Atlantis follows the story of Jason, a young man raised in modern times who ends up in said lost city when he goes looking for the wreckage of the submarine his father went missing in. It is, to be frank, a premise badly dealt with. You get all of five minutes in the present day before he is sent back, and the audience is left with absolutely no idea of the kind of person he is (other than “daddy issues”) before he’s sent back in time. It makes you wonder if the discovering the lost city gimmick is worth it. If they wanted to write Greek mythology, why not make Jason a country boy travelling to the city to find himself – or his father? It worked with Merlin. It’s clichéd yes, but much less so than having him sucked into a swirling portal under the sea and ending up in Ancient Greece.
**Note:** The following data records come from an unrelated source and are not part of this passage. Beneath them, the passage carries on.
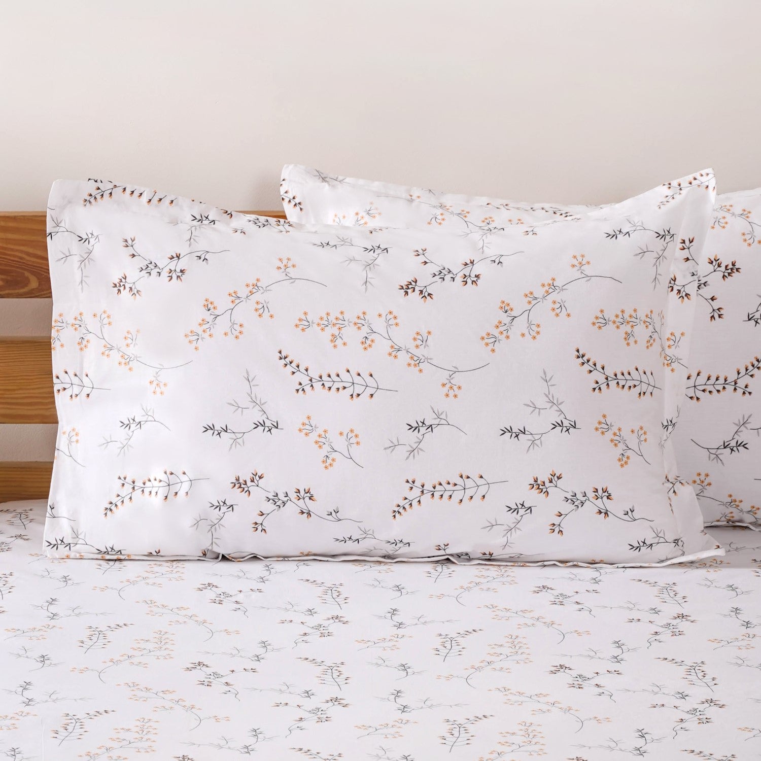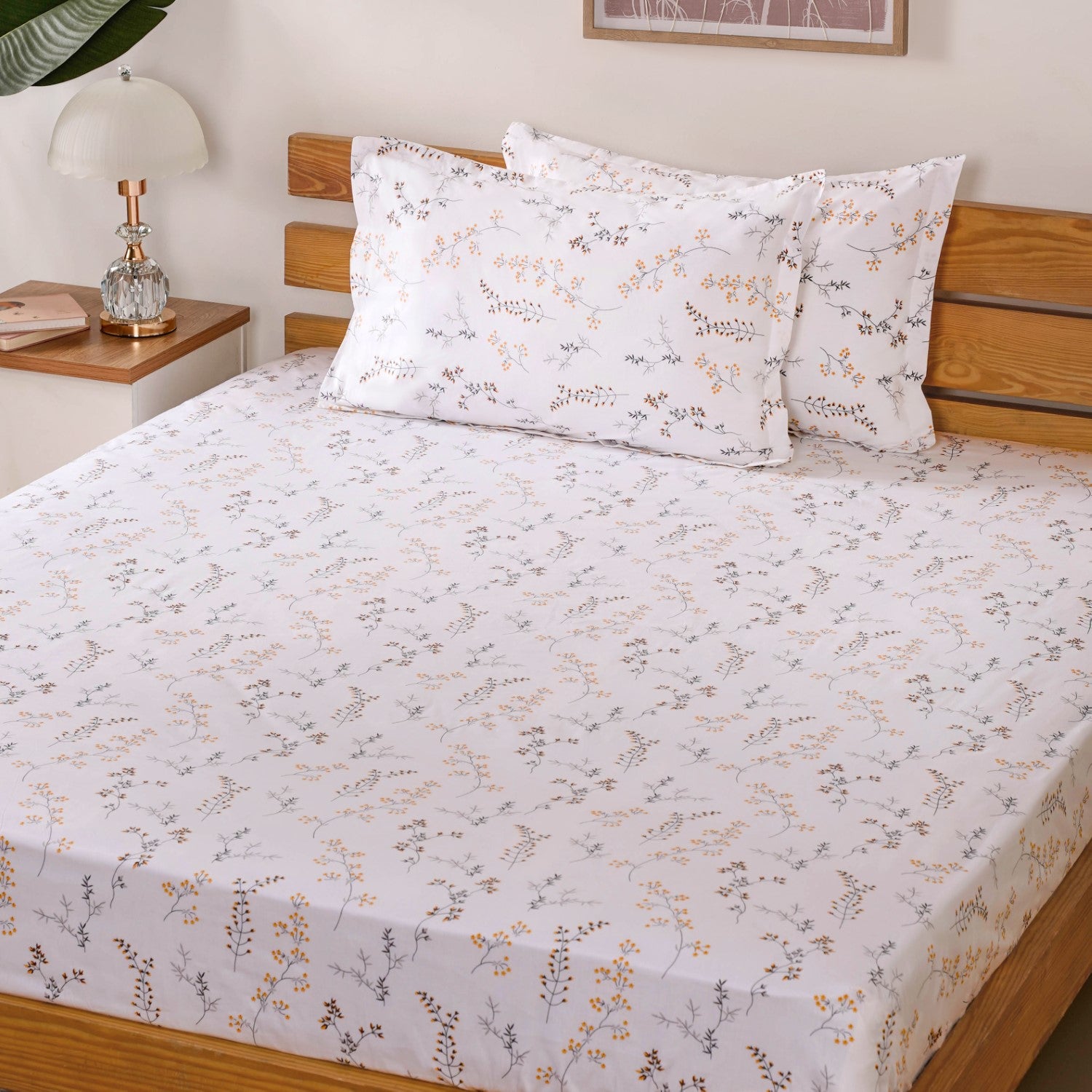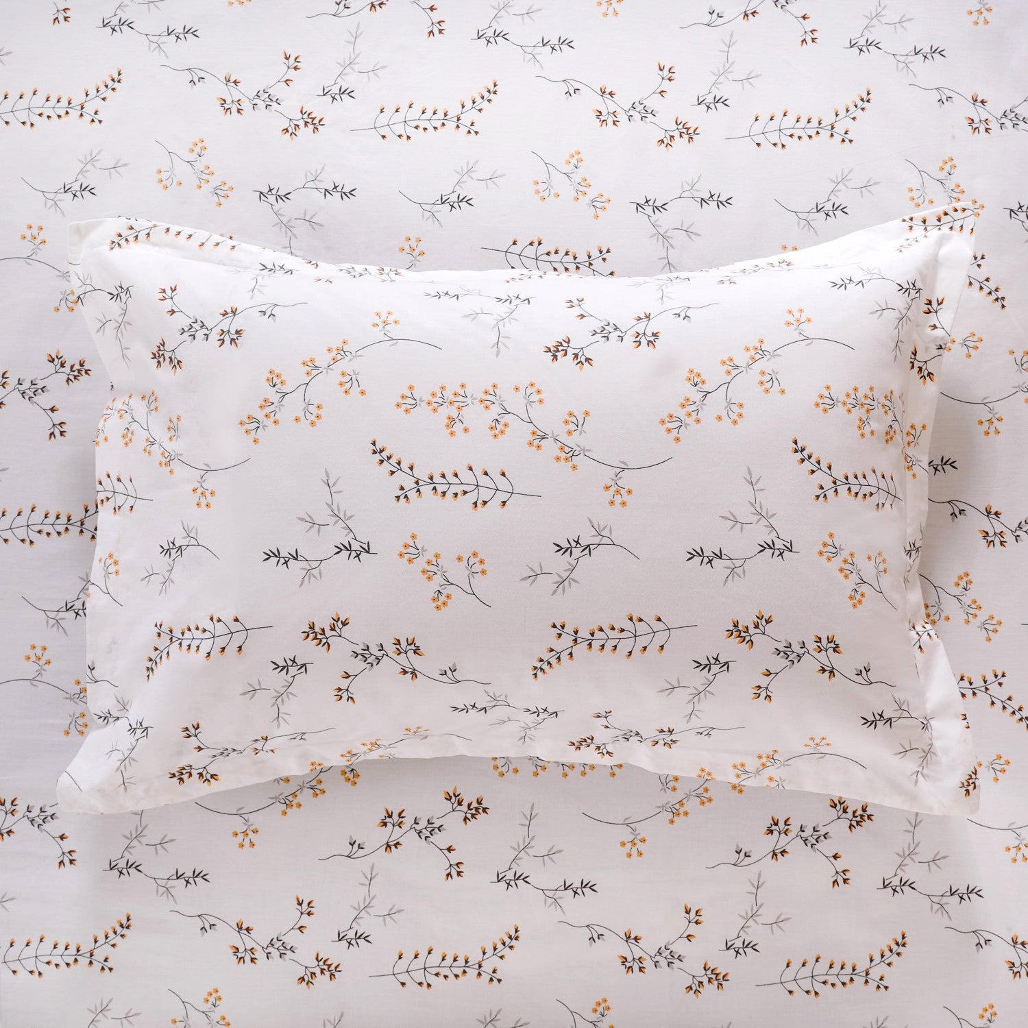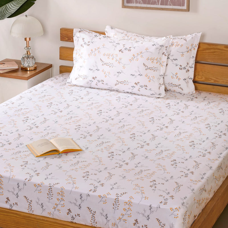 Design: This bedsheet set features a fresh, white flat bedsheet made from soft, high-quality cotton, with a 180-thread count for a smooth, comfortable feel. The subtle floral print, crafted in soothing shades of grey, sunny yellow, and vibrant pops of maroon, adds a lively yet serene touch to your bedroom. The design strikes the perfect balance between modern minimalism and a welcoming, cosy vibe. Paired with two matching pillowcases, the same floral pattern ties everything together, bringing an effortlessly stylish and refreshing look to your bedding set.
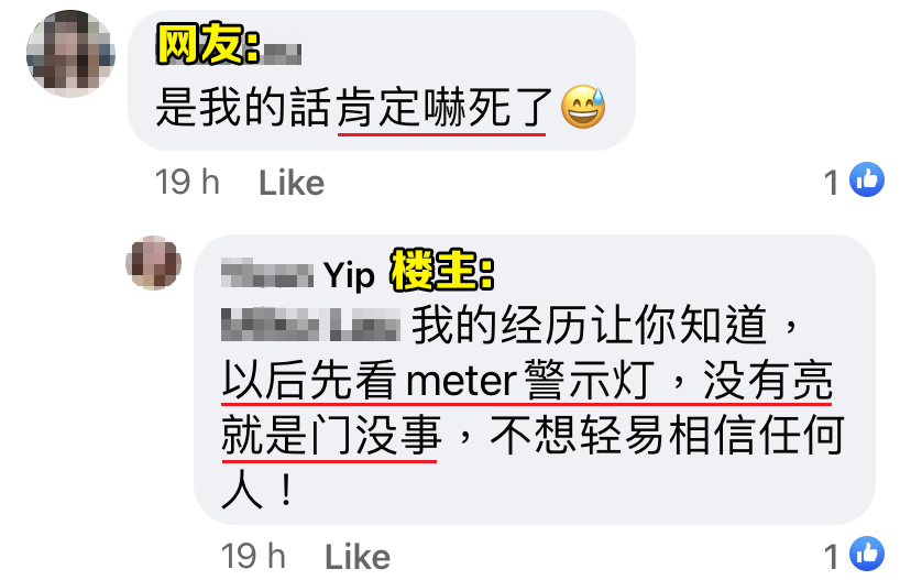 他指着我的门,要骗我说我的门没关紧,还试图开我的门!我差点就想去按开门键,但是我突然觉得不对劲,马上望向我的 meter 表,我的“车门警示灯”并没有亮着,所以我非常肯定我的门没有问题!是他有问题!
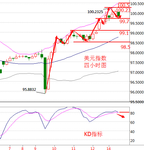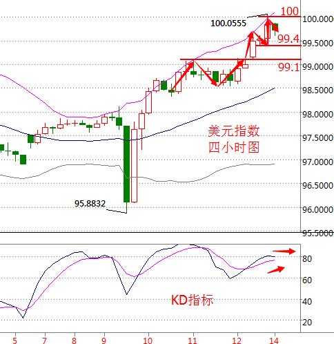 何波军:美元指数强势拿下100大关.基本面强劲回落就是多 基本面分析: 美元指数周一一举突破100大关,劲升至去年12月以来高位100.24,美元兑一篮子主要货币升至11个高位,受美国债券收益率升势及特朗普胜选带动的通胀预期推动,美元重拾升势。 近期美元涨势的中心是预期特朗普执政下不但会增加支出,而且还会对贸易施行更多
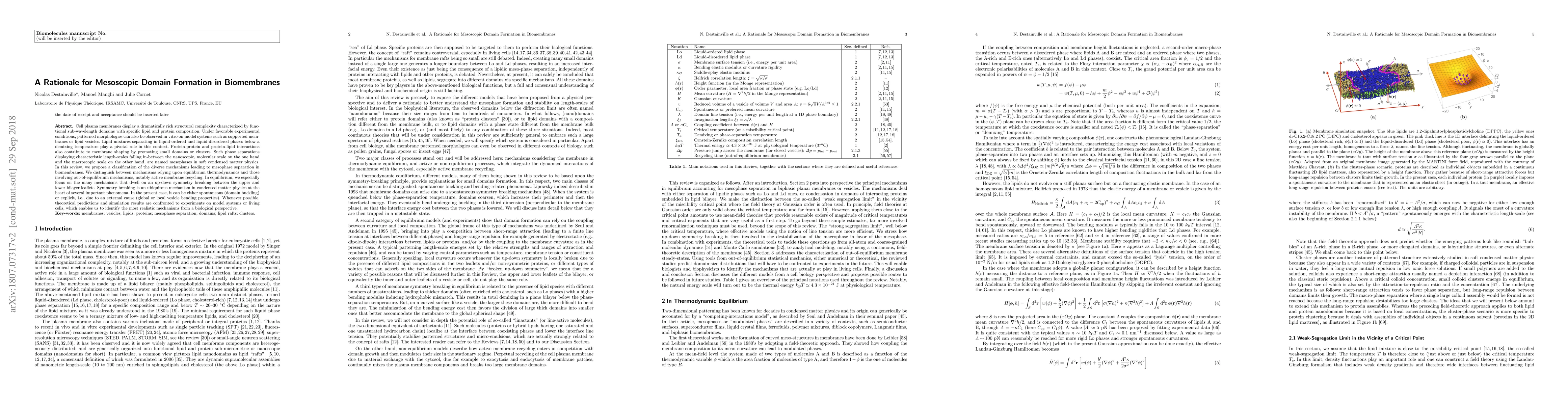 Cell plasma membranes display a dramatically rich structural complexity characterized by functional sub-wavelength domains with specific lipid and protein composition. Under favorable experimental conditions, patterned morphologies can also be observed in vitro on model systems such as supported membranes or lipid vesicles. Lipid mixtures separating in liquid-ordered and liquid-disordered phases below a demixing temperature play a pivotal role in this context. Protein-protein and protein-lipid interactions also contribute to membrane shaping by promoting small domains or clusters. Such phase separations displaying characteristic length-scales falling in-between the nanoscopic, molecular scale on the one hand and the macroscopic scale on the other hand, are named mesophases in soft condensed matter physics. In this review, we propose a classification of the diverse mechanisms leading to mesophase separation in biomembranes. We distinguish between mechanisms relying upon equilibrium thermodynamics and those involving out-of-equilibrium mechanisms, notably active membrane recycling. In equilibrium, we especially focus on the many mechanisms that dwell on an up-down symmetry breaking between the upper and lower bilayer leaflets. Symmetry breaking is an ubiquitous mechanism in condensed matter physics at the heart of several important phenomena. In the present case, it can be either spontaneous (domain buckling) or explicit, i.e., due to an external cause (global or local vesicle bending properties). Whenever possible, theoretical predictions and simulation results are confronted to experiments on model systems or living cells, which enables us to identify the most realistic mechanisms from a biological perspective.
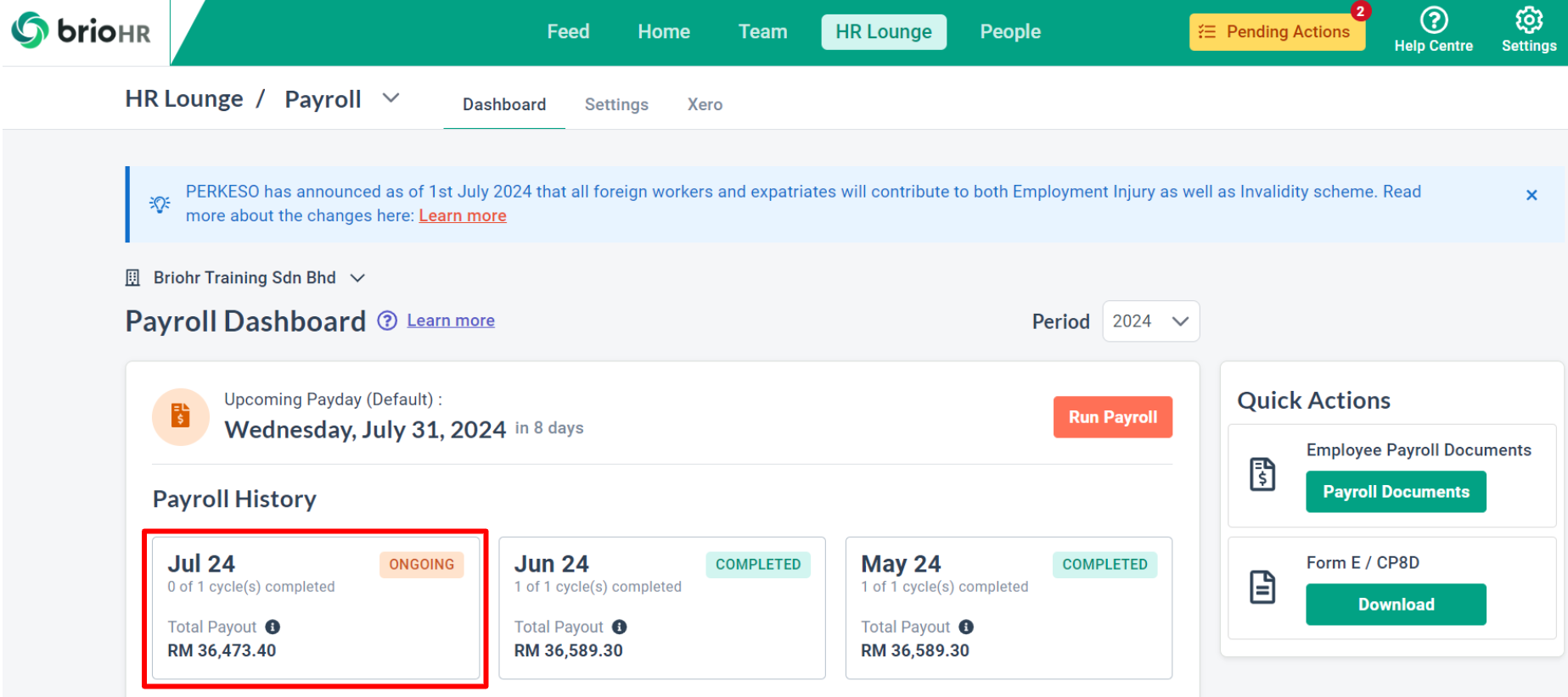2. Click on the ongoing payroll month
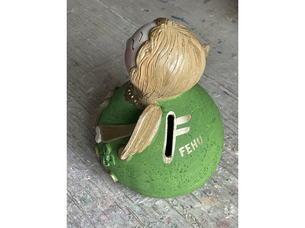 Keramická kasička v podobě roztomilé andělky Zlatěnky, která přináší hojnost, štěstí i úsměv. Na zádech ukrývá tajemství – runu Fehu, symbol bohatství a nových začátků. Výška +/-19 cm.
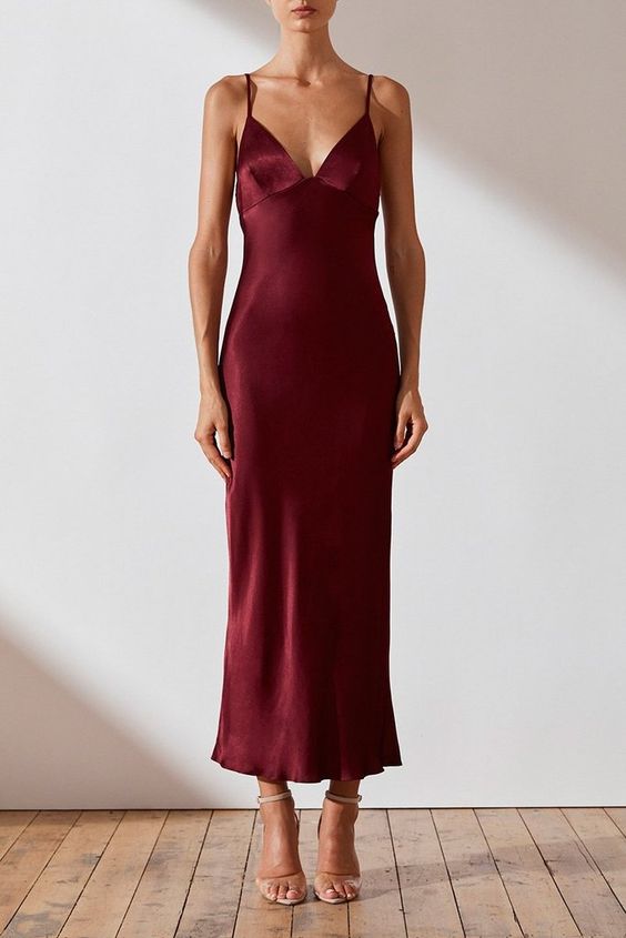 Если вы хотите создать роскошный образ, дополните платье-комбинацию шелковой или атласной накидкой из ткани такого же оттенка, что и наряд. Завершат лук туфли-лодочки и кошелек-клатч.
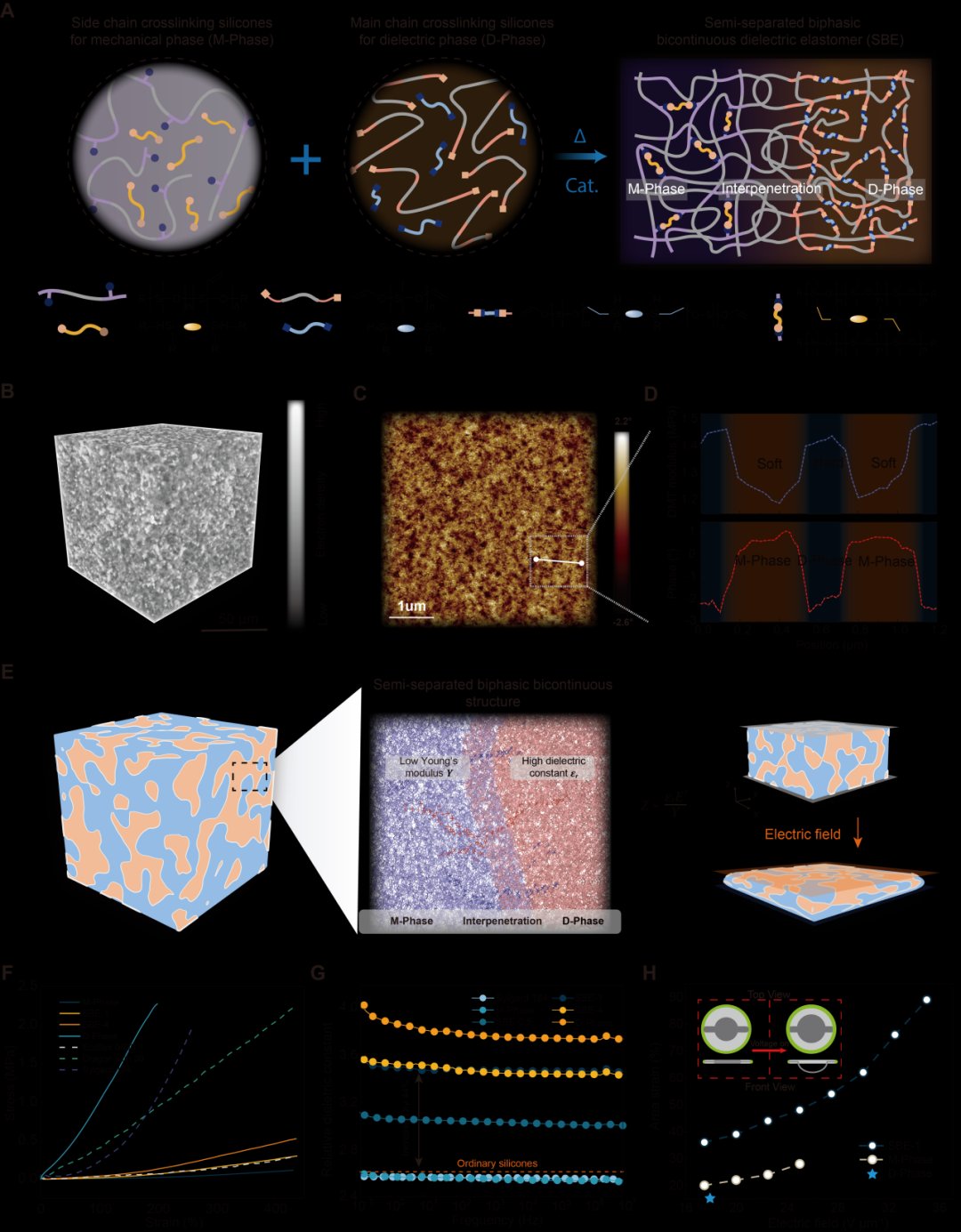 在软体机器人、触觉交互和智能假肢等领域,开发高性能的电作动人工肌肉一直是一项重大挑战。传统介电弹性体材料在低驱动电场下的输出性能长期受限于其有限的机电灵敏度,针对这一难题,该论文提出了一种“异交联诱导相分离”策略,研制出具有半分离双连续相结构的介电弹性体(SBE),将机电灵敏度提升至360 MPa⁻¹,为高性能人工肌肉的发展提供了新途径。
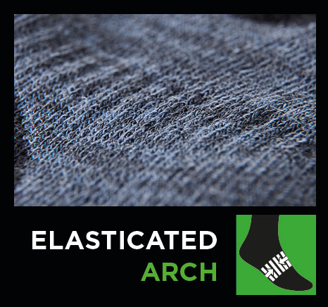 Keeps the sock locked in position. During wear this reduces the possibility of bunching and rucking which could cause irritation or blisters.
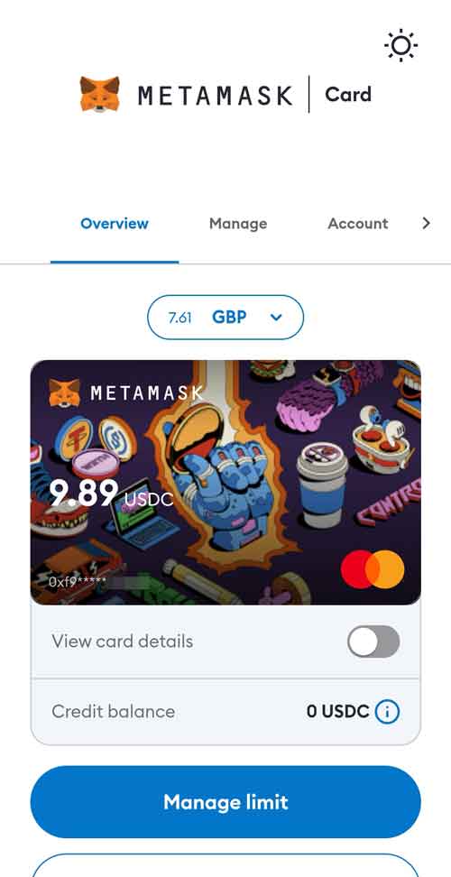进入狐狸卡的首页,点击下方的“Manage Limit”按钮。
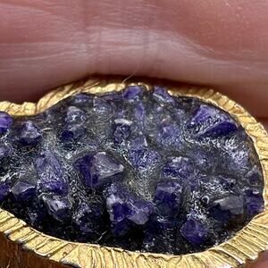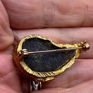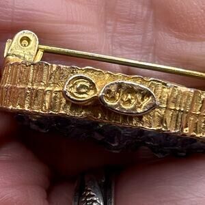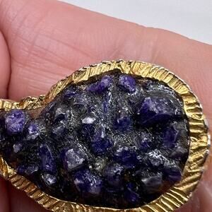 Signed Lester JOY Plique a Jour Purple Paisley BROOCH Gold Tone Costume Jewelry

Once in Atlantis, Jason meets Pythagoras. Yes, you heard me. The triangle guy. And it’s funny, and unexpected, and completely bizarre. The BBC has clearly realised why Merlin was so popular, and it wasn’t the great special effects. Jason and Pythagoras are clearly written to be shippable – their first interaction consists of Jason falling on top of him. It bothers me, mostly because it’s just so obviously there to get the slash fans, and we can already guess that they’re not going to write in a queer relationship. It’s Merlin and Arthur all over again, which I find both funny and irritating as hell.

Long story short, Jason goes to fight a Minotaur. An attractive woman who looks as though she’s been shoehorned in as a love interest but has had absolutely no character development of her own other than “daddy issues” gives him the thread find his way get though the labyrinth. He kills the Minotaur in an anti-climatic scene, discovers he has a dramatic destiny and walks off laughing and joking with his new buddies.

All in all, it was clumsily written, but I know I’m going to watch it anyway.